Hi,
I am currently preprocessing my fastq files to make analysis ready BAMs. I received cram files from the centre, for which I have done following steps so far.
1. Cram2fastq
2. Split fastq (as they were sequenced on multi lanes)
3. Trim adaptors and move UMIs to headers ( using TRIMMER from AGENT NGS tools - we used these library kits).
4. Alignment and sort (of each splited BAMs)
5. Merge Bams of each sample.
Now, I want to mark duplicates in my Bams, for which I was looking for tools. So far, I could find few tools, what I have tried and learnt:
UmiAwareMarkDuplicatesWithMateCigar (Picard) - Initially, I missed splitting my fastq, so it has only one RG in header and reads were not tagged with RG, it was working (took ~10-11 hrs). But now, when I corrected this splitting step, it does not work (I submit the command, it runs for days, but no success - neither gives me errors, nor results, just running and does not stops).

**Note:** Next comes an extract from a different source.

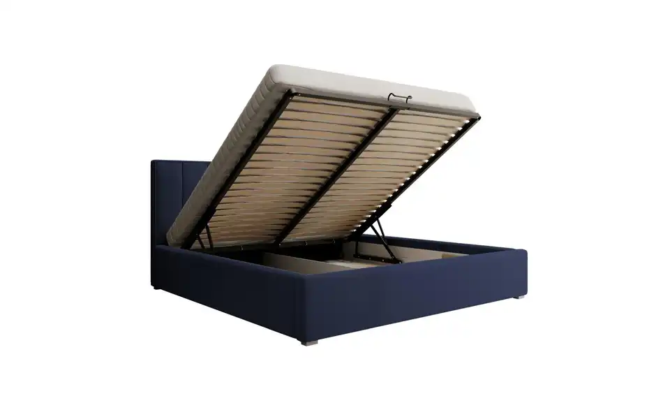 - Lieferumfang / mitgeliefertes ZubehörBlaues Polsterbett mit Bettkasten 180x200 cm

fgbio - For this, it gives me error of not having MQ tags, even after SetMateInformation (my Bams has MQ tags after using this). (attaching ss)
umitools dedup - taking ages to complete as I have WGS data. So, still not sure about its results, what and when will I have.
CREAK - by AGENT NGS tools. Gives lack of memory error everytime even if using for subset of my reads, running on cluster.
Are there any other tools which can work with UMIs to mark duplicates only (not generate consensus)? Or if anybody has used these tools and had success, can give me some suggestions or comments if I am doing something wrong?
Thanks,
Lipika
UMI-tools is taking a long time as it does error correction of the UMI sequences by default, which the other methods don't do (by default). You can disable this by choosing one of the other UMI resolution methods using the
--method
switch.--method=unique
is the quickest and most naive resolution method - just assumes each read with a unique mapping coordinate and umi combination is unique - doesn't attempt to do anything to correct for errors, but is very fast.Also
dedup
removes duplicates, it doesn't mark them.umi-tools group
does something similar to marking (it assigns each read to a group of reads that share the same mapping coordinates and implied UMI). However, it only annotates this group on read 1.If I used --method=unique, would it be different from using MarkDuplicates by Picard using BARCODE_TAG for UMIs?
Yeah, I expect it would be more or less the same.
Why are you splitting by lanes? If you get the same read with the same UMI in two lanes, you don't want to keep them with, do you?
I want to use BQSR later, which is read group aware, thats why I am splitting them.